### What the task requires
Return the line that has "A head of on" and all lines below it through the last, exactly as they stand; omit pictures.

##### Data section

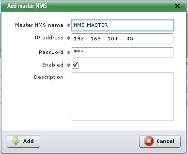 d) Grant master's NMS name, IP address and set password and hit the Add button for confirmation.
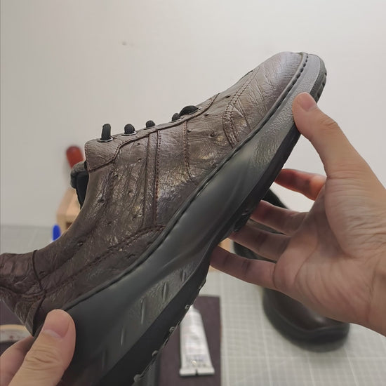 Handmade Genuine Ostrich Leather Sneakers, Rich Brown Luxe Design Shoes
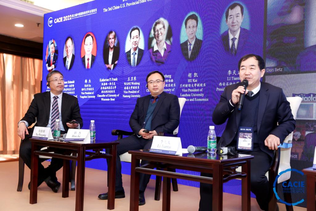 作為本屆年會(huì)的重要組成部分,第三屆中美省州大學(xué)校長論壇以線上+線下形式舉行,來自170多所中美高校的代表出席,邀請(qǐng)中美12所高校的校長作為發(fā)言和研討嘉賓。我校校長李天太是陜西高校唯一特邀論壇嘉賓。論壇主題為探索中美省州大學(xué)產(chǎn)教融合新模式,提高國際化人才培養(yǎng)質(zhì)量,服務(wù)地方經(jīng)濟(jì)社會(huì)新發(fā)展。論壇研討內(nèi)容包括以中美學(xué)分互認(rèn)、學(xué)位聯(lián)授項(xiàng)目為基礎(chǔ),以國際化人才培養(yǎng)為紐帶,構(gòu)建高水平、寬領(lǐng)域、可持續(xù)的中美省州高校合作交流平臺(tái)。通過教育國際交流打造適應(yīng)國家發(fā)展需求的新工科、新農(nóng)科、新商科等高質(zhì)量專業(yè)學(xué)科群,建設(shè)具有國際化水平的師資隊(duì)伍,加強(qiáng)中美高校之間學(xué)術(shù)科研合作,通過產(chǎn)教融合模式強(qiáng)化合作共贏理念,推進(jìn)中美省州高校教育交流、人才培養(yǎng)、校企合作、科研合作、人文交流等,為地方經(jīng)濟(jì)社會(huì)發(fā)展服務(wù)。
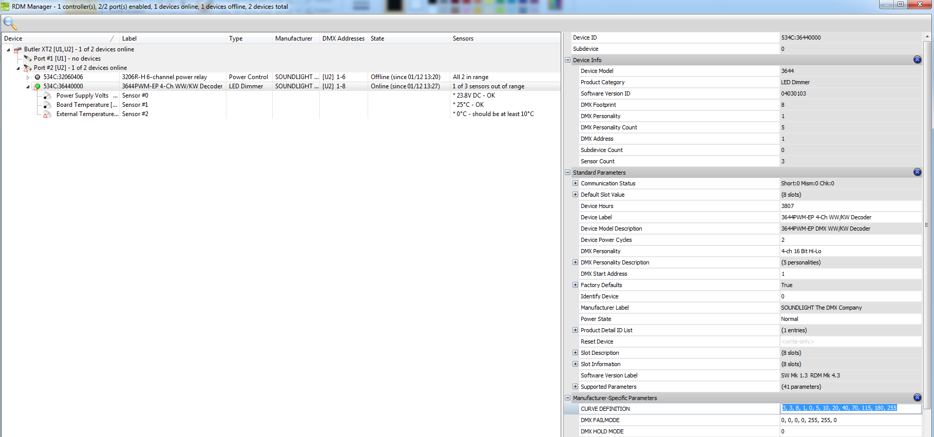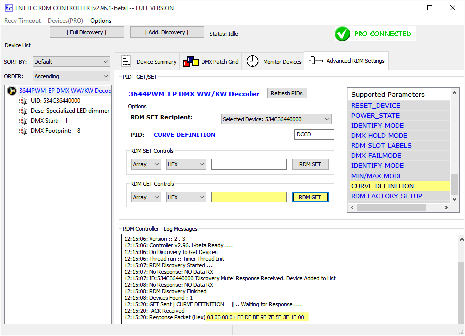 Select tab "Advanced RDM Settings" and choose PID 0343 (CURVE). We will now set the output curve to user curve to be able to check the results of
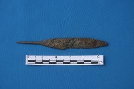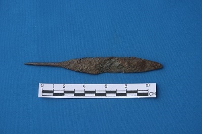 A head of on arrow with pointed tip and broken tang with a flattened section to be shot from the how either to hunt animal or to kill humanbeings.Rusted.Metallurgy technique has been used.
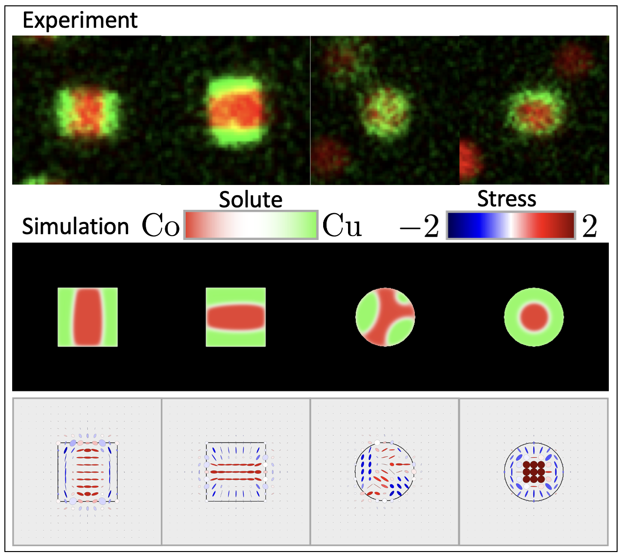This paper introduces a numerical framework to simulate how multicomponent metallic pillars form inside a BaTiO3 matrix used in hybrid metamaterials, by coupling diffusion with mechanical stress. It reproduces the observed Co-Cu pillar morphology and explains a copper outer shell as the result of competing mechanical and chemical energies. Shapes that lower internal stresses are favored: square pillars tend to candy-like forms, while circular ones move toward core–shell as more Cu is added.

##########

### Answer for the task
 A head of on arrow with pointed tip and broken tang with a flattened section to be shot from the how either to hunt animal or to kill humanbeings.Rusted.Metallurgy technique has been used.
This paper introduces a numerical framework to simulate how multicomponent metallic pillars form inside a BaTiO3 matrix used in hybrid metamaterials, by coupling diffusion with mechanical stress. It reproduces the observed Co-Cu pillar morphology and explains a copper outer shell as the result of competing mechanical and chemical energies. Shapes that lower internal stresses are favored: square pillars tend to candy-like forms, while circular ones move toward core–shell as more Cu is added.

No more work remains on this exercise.